We all have that inner voice inside our heads. Sometimes it joins us in celebrating a goal achieved, sometimes it consoles us when something doesn’t work out, and sometimes – or a lot of times – it criticizes us for the smallest things, like accidentally knocking over a cup of water, and tells us we’re not good enough. This criticizing inner voice is an example of negative self-talk, and talking in this way to ourselves makes us feel inadequate, decreases our motivation, and makes us feel even more stressed. It’s time to change this inner narrative by altering the negative to positive in our self-talk.
Identify Your Negative Self-Talk
Before beginning your positive self-talk, you first need to identify the ways in which you engage in negative self-talk. This will make it easier to retrain your thoughts and frame the negative into positive. There are four categories of negative self-talk:
1. Personalizing – You blame yourself when things go wrong.
2. Polarizing – You see things as only good or bad, with no grey area or middle ground.
3. Magnifying – You focus only on the negative in every situation, ignoring or dismissing any positives.
4. Catastrophizing – You always expect the worst.
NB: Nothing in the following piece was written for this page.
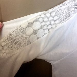 Lace detail cutout from shoulder to elbows on outside of shirt
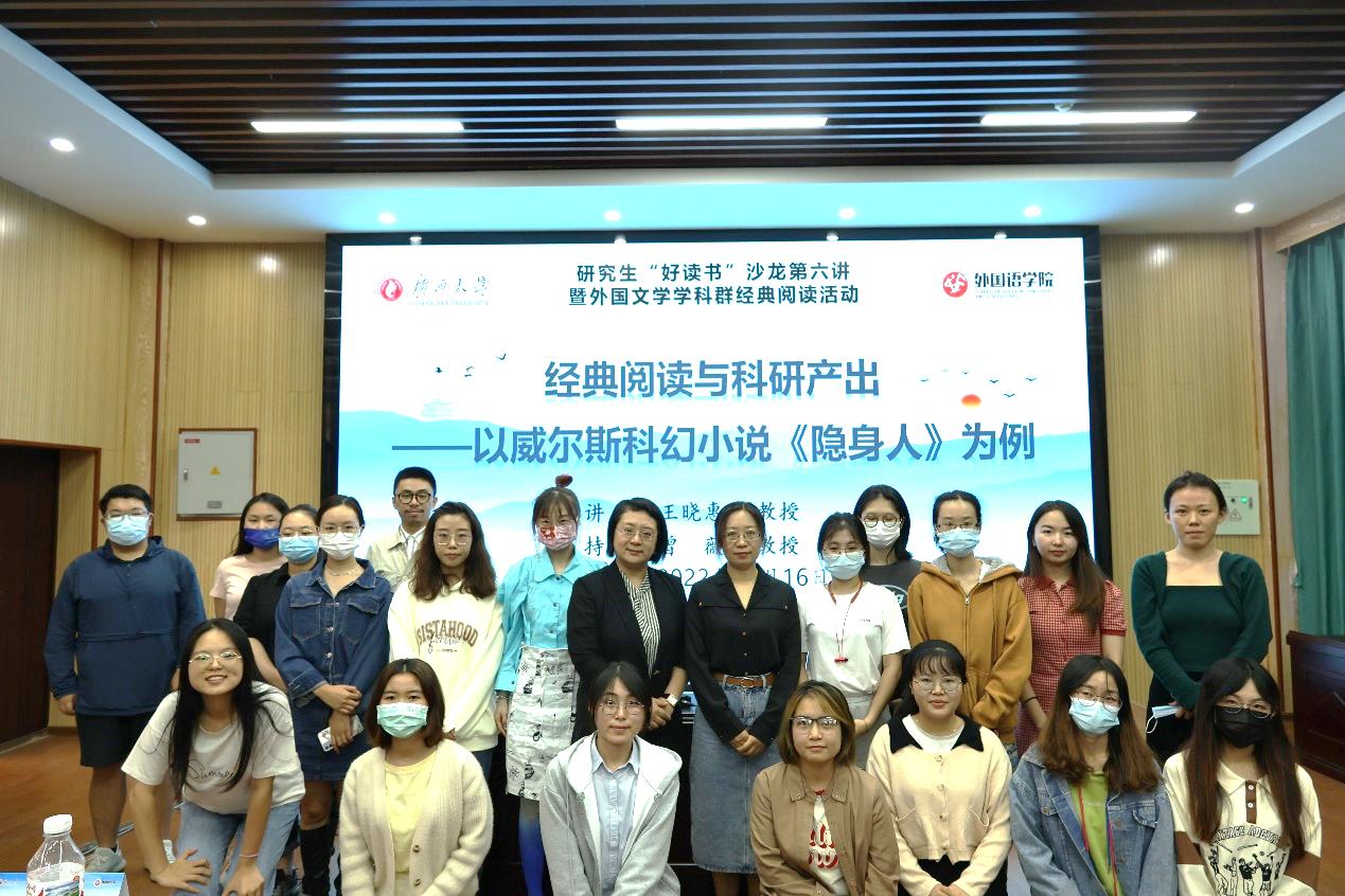 11月16日下午,2138CC太阳集团“好读书”沙龙讲座第六讲“经典阅读与科研产出——以威尔斯科幻小说《隐身人》为例”在2138CC太阳集团融通报告厅顺利开展。此次活动由曾薇副教授主持,王晓惠副教授主讲,为前来参加活动的老师同学带来了关于《隐形人》一书的深刻解读。

Now that you’ve identified your way(s) of negative thinking, it’s time to start forming the habit of turning a negative into a positive. But how is that done? Here are a few examples of reframing a negative thought with positive self-talk:
Negative: I have never done this before, which means I will be bad at it.
Reframed positive: This is a good opportunity to learn from others and grow.
Negative: I failed and embarrassed myself.
Reframed positive: Trying something takes courage, and I am proud of myself for that.
Negative: This is impossible. It will never work.
Reframed positive: I will do my best to make this work.
Follow-up positive: Even though it did not work out the way I wanted, I learned a lot about myself/gained valuable skills.
Strategies for Success
With the negative self-talk type identified and examples on reframing, it’s important to implement strategies you can use to successfully help form this habit of positive self-talk:
1. Identify Negative Self-Talk Traps. Some situations may increase your use of negative self-talk, such as work events that are particularly stressful. Recognizing when and where you experience heightened negative self-talk can help you prepare in advance to address this.
2. Check in with Your Feelings. During events or bad days, stop what you’re doing and check in with how you’re feeling, and assess whether any negative self-talk has arisen. If it has, or if it’s gotten worse, use some positive phrases.
3. Find the Humour. Laughter is a great way to boost your mood and confidence, and lower any tension and stress. If you feel yourself being pulled down, find ways to laugh, such as watching videos of comedians or cute, funny animals.
4. Surround Yourself with Positive People. Sometimes there are people in our lives who don’t bring out the best in us and increase our negative self-talk. It’s okay to set boundaries for yourself and remove these people from your circle if you find they encourage negative self-talk in you. Focus on surrounding yourself with people who make you feel good about yourself, and who encourage positive self-talk.
5. Use Positive Affirmations. Sometimes, all you need is some inspirational words or photos to redirect your thoughts. Find quotes or images that do this for you, and post them up around your work and living space. These can make all the difference in changing your mindset.
In addition to these strategies, there are supports you can use to help you, too, such as videos, self-help books, and therapy. Changing your inner narrative is a process that takes time and practice; it won’t happen overnight, so remember to be gentle with yourself.